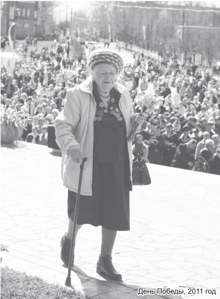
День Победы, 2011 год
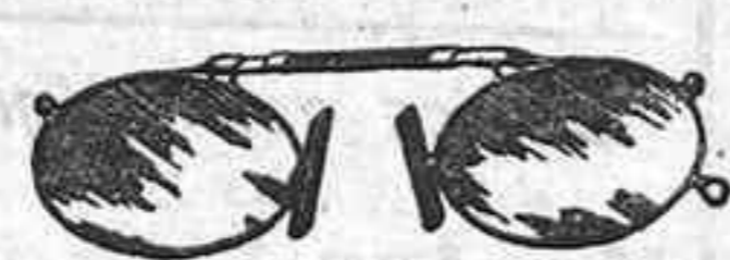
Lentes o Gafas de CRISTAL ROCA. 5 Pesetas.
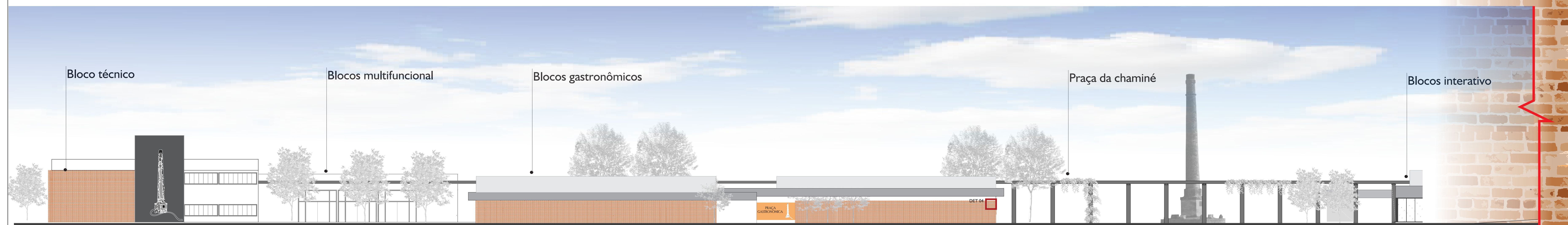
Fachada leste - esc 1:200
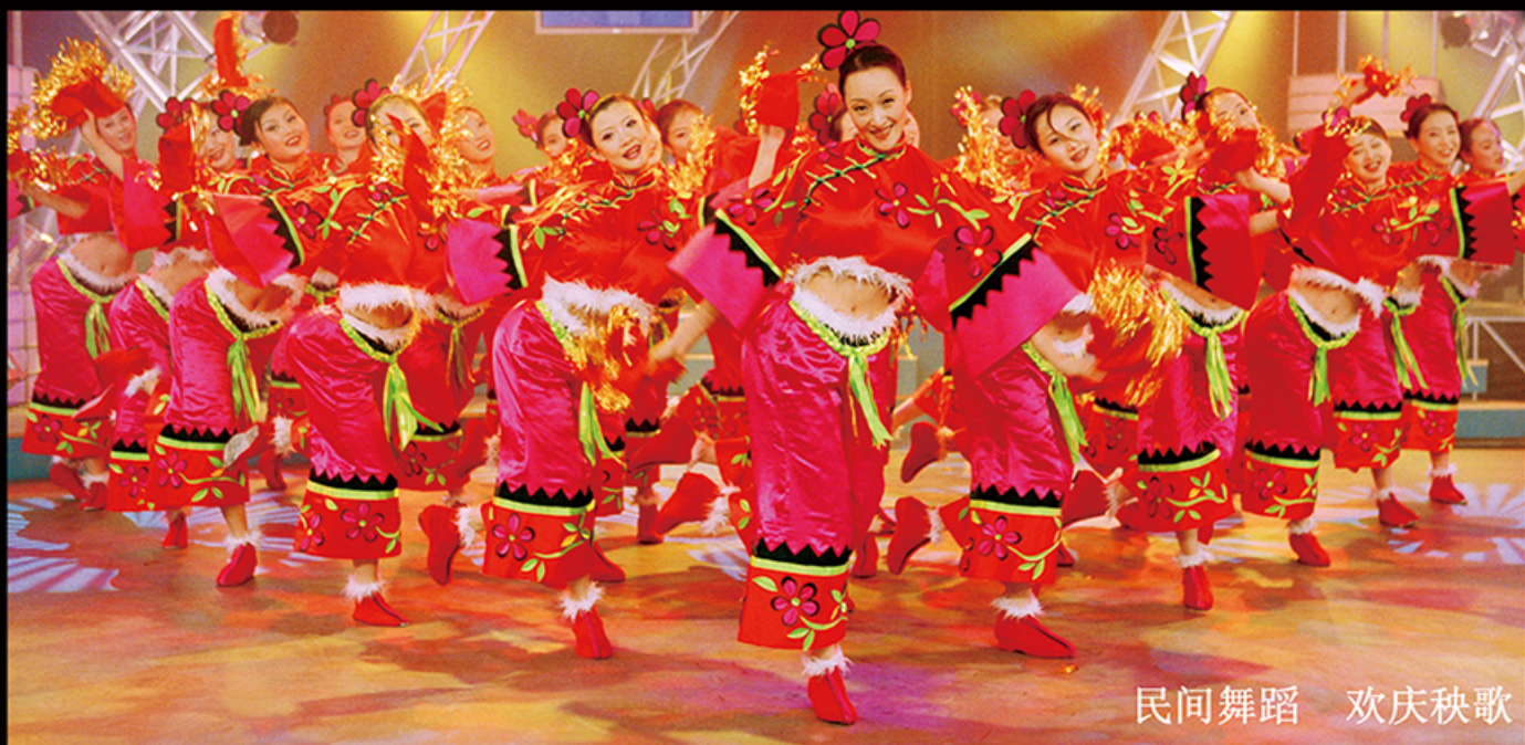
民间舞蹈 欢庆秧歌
====================
An exact transcription is requested of each line from the one that holds "Lentes o Gafas de CRISTAL ROCA. 5 Pesetas." to the end of the listing above, both boundary lines included; pictures are to be omitted.

Completed exercise —
Lentes o Gafas de CRISTAL ROCA. 5 Pesetas.
Fachada leste - esc 1:200
民间舞蹈 欢庆秧歌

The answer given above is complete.